• [Work instruction] Return only that part of the material below which starts with the line containing "용인시정연구원, 특례시 행정구 개편방향 제언" and goes on through the line containing "Vier Chinese opiumpijpen, 20e", restated exactly.

• [Dataset entries]
# # # #
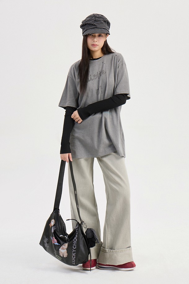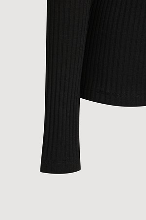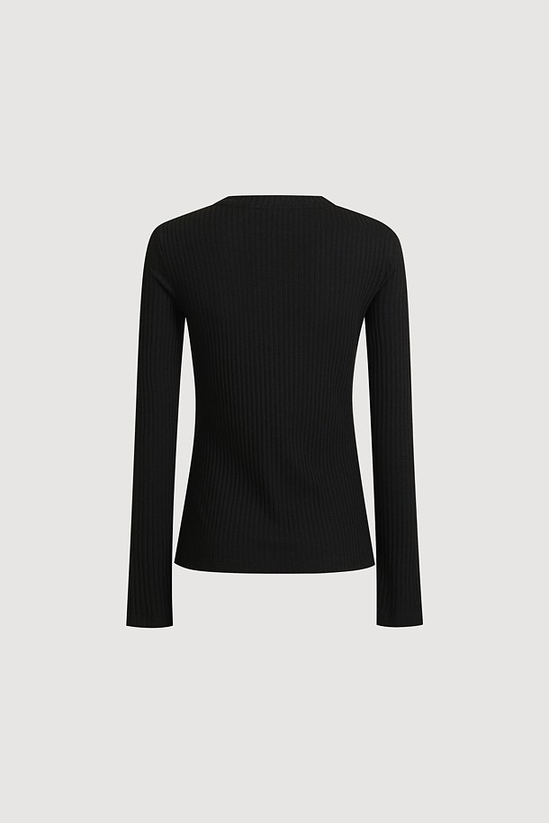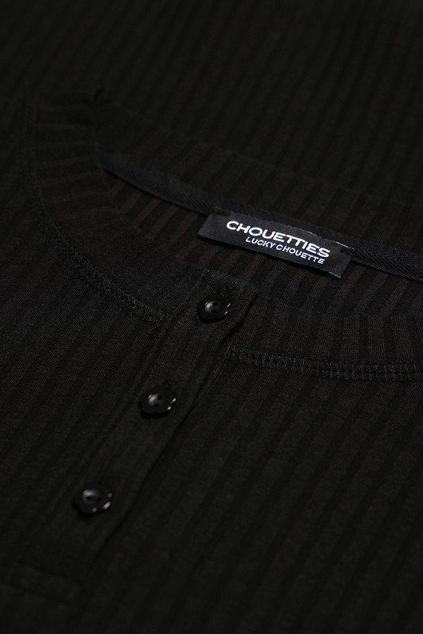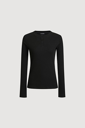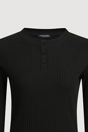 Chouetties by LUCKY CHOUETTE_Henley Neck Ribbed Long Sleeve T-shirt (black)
# # # #
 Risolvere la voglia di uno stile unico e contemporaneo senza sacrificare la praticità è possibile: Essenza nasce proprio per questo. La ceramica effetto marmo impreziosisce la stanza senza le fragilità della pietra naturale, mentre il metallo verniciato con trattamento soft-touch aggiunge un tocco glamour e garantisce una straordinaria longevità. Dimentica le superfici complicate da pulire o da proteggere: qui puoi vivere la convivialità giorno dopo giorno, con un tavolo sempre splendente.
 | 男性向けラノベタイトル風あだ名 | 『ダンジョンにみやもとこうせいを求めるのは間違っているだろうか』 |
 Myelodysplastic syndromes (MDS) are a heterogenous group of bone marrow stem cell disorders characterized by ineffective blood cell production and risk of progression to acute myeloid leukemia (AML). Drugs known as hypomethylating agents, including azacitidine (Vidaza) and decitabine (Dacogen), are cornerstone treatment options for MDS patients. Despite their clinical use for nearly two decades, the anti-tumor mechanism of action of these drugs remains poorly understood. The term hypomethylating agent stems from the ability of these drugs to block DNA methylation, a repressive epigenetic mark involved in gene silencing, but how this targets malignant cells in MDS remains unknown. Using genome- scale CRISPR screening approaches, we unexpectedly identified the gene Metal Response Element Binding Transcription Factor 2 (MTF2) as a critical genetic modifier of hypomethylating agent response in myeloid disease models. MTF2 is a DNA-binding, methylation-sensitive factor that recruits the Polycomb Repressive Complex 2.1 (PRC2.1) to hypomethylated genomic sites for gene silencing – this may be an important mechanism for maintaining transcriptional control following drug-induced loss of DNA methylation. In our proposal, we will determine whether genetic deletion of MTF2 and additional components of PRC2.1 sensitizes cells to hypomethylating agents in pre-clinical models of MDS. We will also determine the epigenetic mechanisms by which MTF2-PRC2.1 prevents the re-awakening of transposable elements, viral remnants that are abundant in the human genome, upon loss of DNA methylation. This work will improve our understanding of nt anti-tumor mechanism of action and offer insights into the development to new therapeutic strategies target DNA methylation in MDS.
# # # #
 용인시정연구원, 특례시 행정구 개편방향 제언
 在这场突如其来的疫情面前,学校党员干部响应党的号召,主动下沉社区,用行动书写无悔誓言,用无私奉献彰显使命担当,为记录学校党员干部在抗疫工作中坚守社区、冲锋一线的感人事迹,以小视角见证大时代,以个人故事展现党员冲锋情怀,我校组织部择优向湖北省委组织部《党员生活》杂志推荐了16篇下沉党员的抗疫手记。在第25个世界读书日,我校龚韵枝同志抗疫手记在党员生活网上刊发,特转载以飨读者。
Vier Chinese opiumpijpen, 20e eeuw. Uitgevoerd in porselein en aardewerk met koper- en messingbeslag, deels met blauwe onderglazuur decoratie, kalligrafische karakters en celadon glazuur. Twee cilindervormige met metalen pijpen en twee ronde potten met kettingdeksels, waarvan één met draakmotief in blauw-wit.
# # # #
• [Response]
 용인시정연구원, 특례시 행정구 개편방향 제언
 在这场突如其来的疫情面前,学校党员干部响应党的号召,主动下沉社区,用行动书写无悔誓言,用无私奉献彰显使命担当,为记录学校党员干部在抗疫工作中坚守社区、冲锋一线的感人事迹,以小视角见证大时代,以个人故事展现党员冲锋情怀,我校组织部择优向湖北省委组织部《党员生活》杂志推荐了16篇下沉党员的抗疫手记。在第25个世界读书日,我校龚韵枝同志抗疫手记在党员生活网上刊发,特转载以飨读者。
Vier Chinese opiumpijpen, 20e eeuw. Uitgevoerd in porselein en aardewerk met koper- en messingbeslag, deels met blauwe onderglazuur decoratie, kalligrafische karakters en celadon glazuur. Twee cilindervormige met metalen pijpen en twee ronde potten met kettingdeksels, waarvan één met draakmotief in blauw-wit.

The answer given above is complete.